Кармен ахнула. Она узнала черного солдата, того, которого Хуан Энрике так бесчестно обманул недавно. Чернокожий наставил на него ствол аркебузы. В трех других было тоже что-то смутно ей знакомое. Один был черноглазый с волосами, завязанными сзади; на другом, ниже ростом, было черно-фиолетовое одеяло через плечо. В руках обоих обнаженные мечи. Она перевела свои широко раскрытые глаза на третьего, самого высокого, и встретилась взглядом с его холодными голубыми глазами. Она узнала его сразу. И чуть не вскрикнула от радости. И от страха одновременно.

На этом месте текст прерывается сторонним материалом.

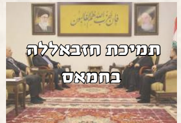
המסיבת הזבאללה בחמאס

יום לאחר מתקפת הטרור של חמאס על ישובי מערב הנגב, פתח חיזבאללה במתקפה יזומה על ישראל. חיזבאללה הצהיר כי הוא ימשיך בהתקפות על ישראל כל עוד תימשך הלחימה ברצועת עזה, כביטוי לסולידריות של 'ציר ההתנגדות'. ישראל הגיבה בירי טנקים, תקיפות מל"טים וירי ארטילרי על עמדות חיזבאללה ליד גבול ישראל-לבנון.

Пума! Что он затеял? Она в волнении положила руку на горло и чуть привстала в кресле, когда Пума большими шагами прошел к ней и вытащил ее из-за стола. Блюда, чашки, еда — все полетело в разные стороны.
— Вы не имеете права! — пытался протестовать Хуан Энрике.
Пума положил ладонь на губы Кармен и завел ей руки за спину. Его взгляд, направленный на Хуана Энрике, был яростен.
— Не подумай останавливать меня, презренная жаба, — сказал он по-испански.
Хуан Энрике молча открыл рот. Мария вскочила с кресла и попыталась защитить Хуана Энрике своим телом.
— Как вы смеете! — кричала она. — Вы не имеете права врываться в дом… и… и…
— Где драгоценности? — потребовал от Хуана Энрике Пума.
Кармен пыталась сопротивляться. Что Пума хочет от нее? Почему он здесь? Ее сердце бешено билось.
Пума сжал ее руки за спиной, и Кармен сдалась.
— Драгоценности! — потребовал Пума.
Он не собирался допускать, чтобы испанец обманул его.
— Угнавший Двух Коней, пойди с ним и разберись!
Угнавший подтолкнул дрожавшего Хуана Энрике Дельгадо к лестнице.
— Я все равно не скажу вам! — кричал тот, но кричал испуганным голосом.
— Тогда мы убьем эту женщину, — проговорил лениво Стефано.
Его аркебуза была направлена на Марию. Несмотря на его ленивый вид, все поверили, что он выполнит обещание.
Дельгадо нервно облизнул губы.
— Так как же? — поинтересовался Стефано.
Дельгадо кашлянул и бросил взгляд на Марию. Ее жизнь сейчас висела на волоске, и этим волоском были белые пухлые руки Хуана Энрике. Кармен, как зачарованная, смотрела на ту битву чувств, которая отражалась на лице Хуана Энрике. Каждое движение души читалось на этом лице. Решение давалось ему тяжело. Кармен поежилась: что победит — чувство к Марии или жадность?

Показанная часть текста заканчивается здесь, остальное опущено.